The solar lobby group managed to convince the DOE to increase the installation target for solar from 50mw to 500mw (That’s roughly P3.0 billion a year in subsidies that will be passed on to the electric consumers). And they are asking for more because there are about 2,000mw of proposed solar projects and they threaten the country with the pull out of investors. Well, the Philippines needs the right kind of investors, those who will contribute something positive to the country and not stick the consumers with 20 years of overpriced power.

We are in luck though because the prices of solar panels have dropped dramatically by 65 to 75% in the last 3 years. Solar energy is a good example of market competition at work. Some utility scale solar promoters are floating rates of 6.80 per kwh although most are aiming still for 7.50 per kwh. And who do we owe this good fortune? Whether you like it or not, credit goes to the manufacturing prowess of Mainland China. Germany may have been the technology leader in solar as the pioneer but it is China that brought down the manufacturing cost, which in turn is the reason the solar industry is so viable now. Western countries however still make the more efficient and reliable inverter component of the system.

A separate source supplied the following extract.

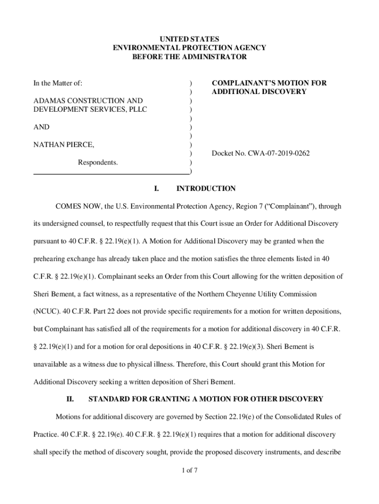 UNITED STATES ENVIRONMENTAL PROTECTION AGENCY BEFORE THE ADMINISTRATOR In the Matter of:)))))))))))ADAMS CONSTRUCTION AND DEVELOPMENT SERVICES, LLC AND NATHAN PIERCE, Respondents. I.COMPLAINANTS MOTION
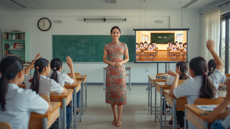 Giữ vững tương tác thực: AI chỉ là màn hình, bạn mới là linh hồn của lớp học. Hãy dùng AI để có thêm thời gian đi xuống từng bàn, cầm tay uốn nắn nét chữ cho học sinh, thay vì đứng trên bục giảng để vận hành các phần mềm.

One thing unusual about large scale solar projects is why their investors are proceeding with construction even if they are not sure of getting P8.68 FIT rate. Our suspicion is because they can get by with an unsubsidized rate of P6.50 per kwh if that is what is necessary.

Solar and RE law

Solar’s right to being comes from its “must be purchased” rights under the Renewable Energy law of 2008. That is one of the hidden costs of solar. The base-load power that it will displace will nonetheless still be paid for the distribution utility and passed on to its consumers. Most people are presuming that RE has priority dispatch over fossil fuel and the latter will have to sacrifice and give way. The RE laws granting of “must be purchased” rights for renewable energy did not mean the utility has a right to violate its contracts with other power generators especially fossil.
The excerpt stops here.